Archive for May 26th, 2011

Find The Best Lovers, Without Compassion

Thursday, May 26th, 2011

I’ve found that a fulfilling relationship starts with picking the best lovers.  But to do that, we should know what features she must and must not have to make us happy, in order to fall in love.  Our requirements of the right lovers (our dream girls) should be clear in our minds, and we should insist on them as gently but as firmly as possible.  If we do not, then we simply will not be fulfilled in the relationship.  One reason we may back down from insisting on our ideals being met, could be the   compassion   we feel for the lady.  But if we allow our sense of compassion to pull our heart strings in the wrong direction, we’ll end up picking the wrong women every time. While a noble trait in most other areas of life, allowing our compassion for her to bind us to her only leads to sadness and frustration.  It’s hard to choose wisely when compassion clouds your view. 
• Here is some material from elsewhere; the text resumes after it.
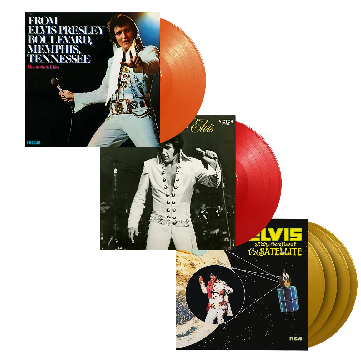 A new bundle of 3 exclusive Elvis Presley albums!Includes:• From Elvis Presley Blvd Memphis, TN (Orange)• That's The Way It Is (Red)• Aloha From Hawaii VIa...
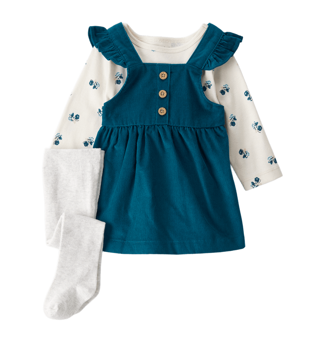Set Camiseta Manga Larga, Vestido Azul y Medias Bebés Niñas - Carter's

We should not compromise for the sake of the other because we feel sorry for her, when evaluating how attractive and thus, worth keeping we find her.  True.  We may feel sad that she’s lonely.  Indeed, her loneliness may be due to her lacking allure.  It probably is in fact.  That’s no one’s fault really; it’s just an unpleasant fact of the human condition.  So we may wish to ease her pain by spending time with her.  But allowing our pity for her to soften our resolve, to persuade us to ignore our preferences, and then go out with her anyway despite the missing attraction, is ill-advised.  It may please her in the short term.  But we’ll be miserable and unfulfilled all the while.  For every smile she aims at us as a result of our kindness, we’ll be frowning inside no mater how strong our kindly persuasions are.  In this scenario, her happiness would come at our expense; which is terrible soil for growing a fulfilling union that endures. Indeed, we have the best chances of picking a true dream girl when we’re least compassionate, and the most selfish.  Mating is a highly selfish pursuit; at least, healthy mating is anyhow.  You can’t afford to be kind when looking for a right girl to love. 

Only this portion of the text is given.